Cut the center head, then keep picking
Harvest the main head while the buds are still tight and green. Once those buds swell and start to show yellow, the head is opening into flowers and the quality drops fast. Cut the center head with about 6 inches of stem, on a cool morning.
Do not pull the plant. After you cut the center head, most broccoli sends up smaller side shoots from the leaf joints, and those keep coming for another 3 weeks or so. They are small, but a steady stream of them adds up to real food from one plant.
- Cut the main head while the buds are tight and green.
- Harvest before the buds yellow and open into flowers.
- Leave the plant in; side shoots keep coming for about 3 weeks.
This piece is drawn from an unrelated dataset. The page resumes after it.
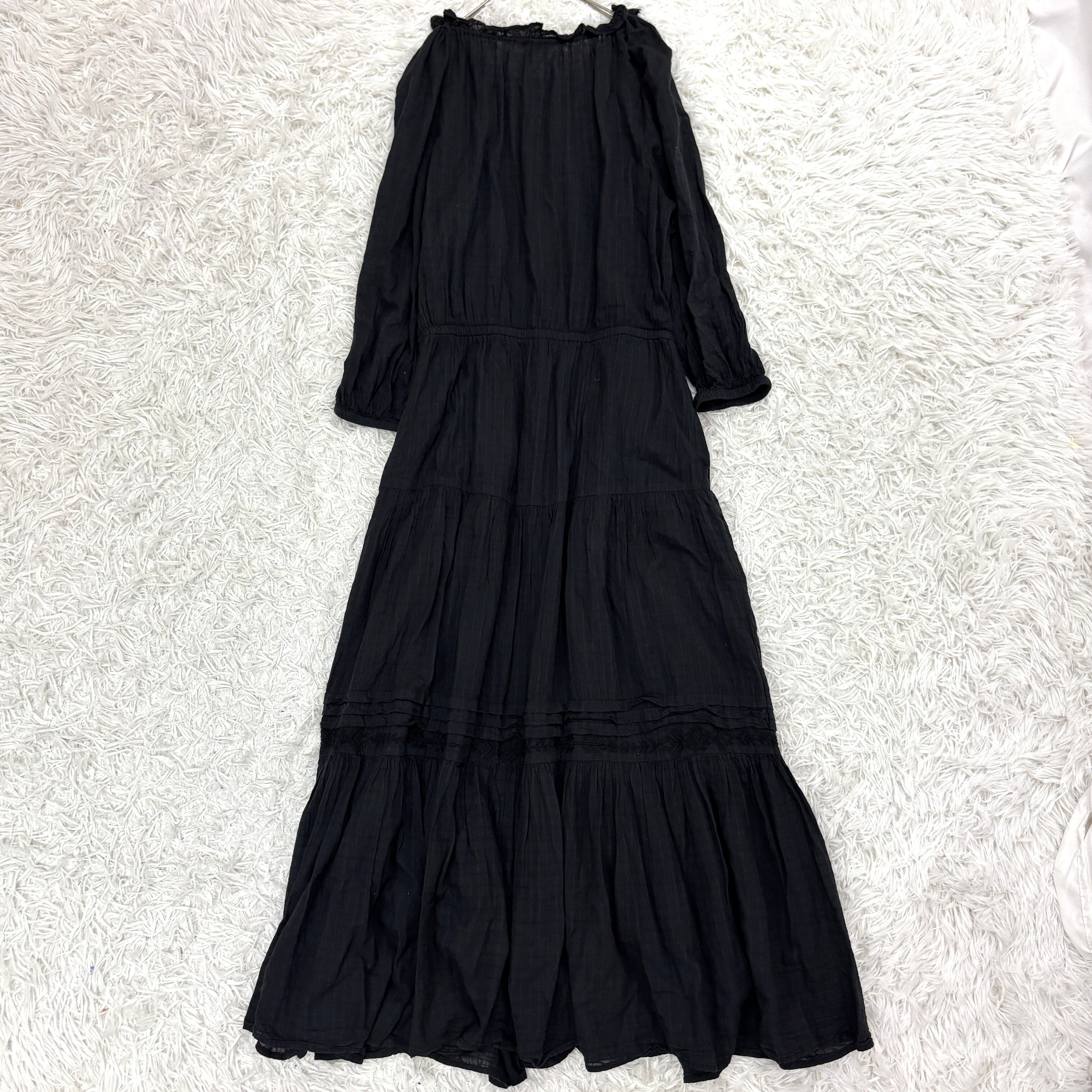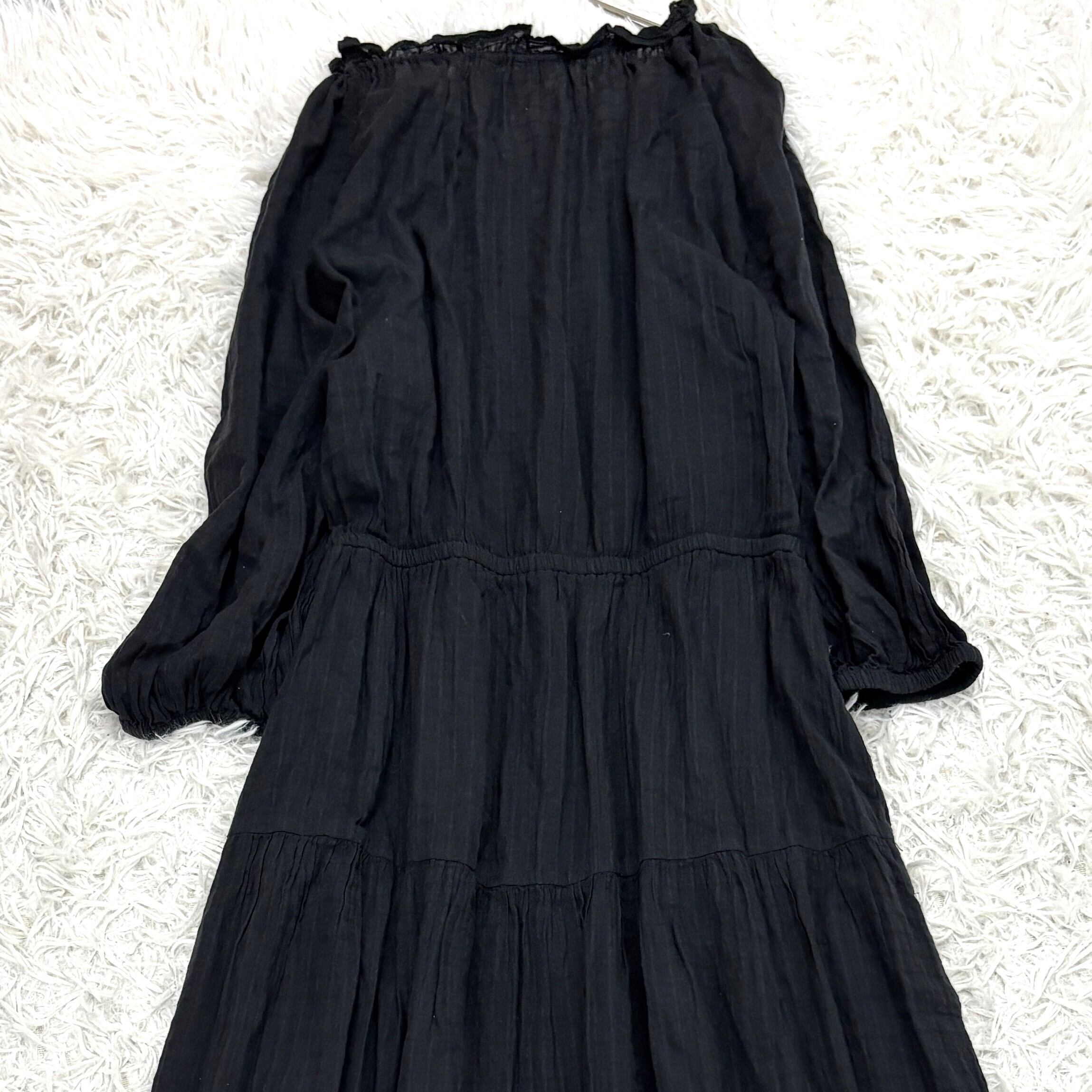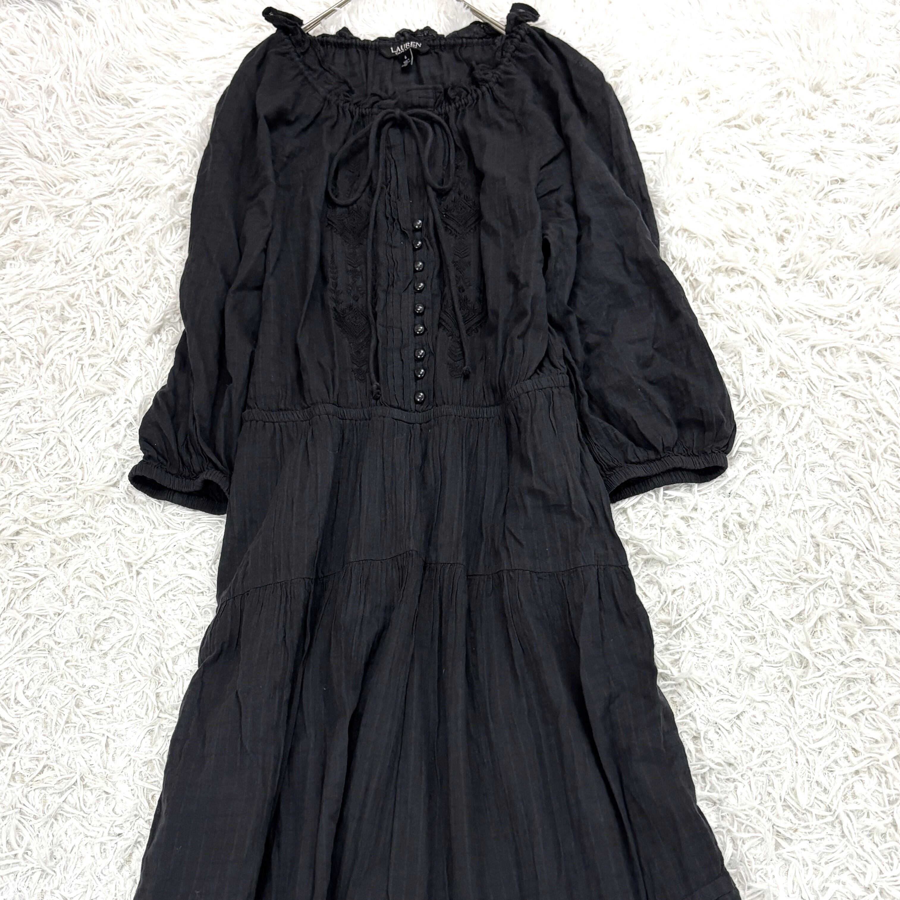 ローレンラルフローレン 黒 ロングワンピース ティアード ドレープ サイズ6

Questions, answered straight
In the cool ends of the year, spring and fall, because broccoli heads up best at 60 to 70 degrees Fahrenheit and bolts in summer heat. Fall is the easier crop. Count back about 60 days from your first fall frost to set out transplants.
About 60 days to a head from a transplant, or about 70 days from seed. After you cut the main head, side shoots keep producing for roughly another 3 weeks.
Almost always cabbage worms, the green caterpillars from small white moths. Spray Bt every 7 to 10 days, hitting the leaf undersides, or cover young plants with a row cover so the moths cannot lay eggs.
The main head does not regrow, but the plant does. After you cut the center head, most broccoli pushes out smaller side shoots from the leaf joints for about 3 more weeks, so leave the plant in the ground and keep picking.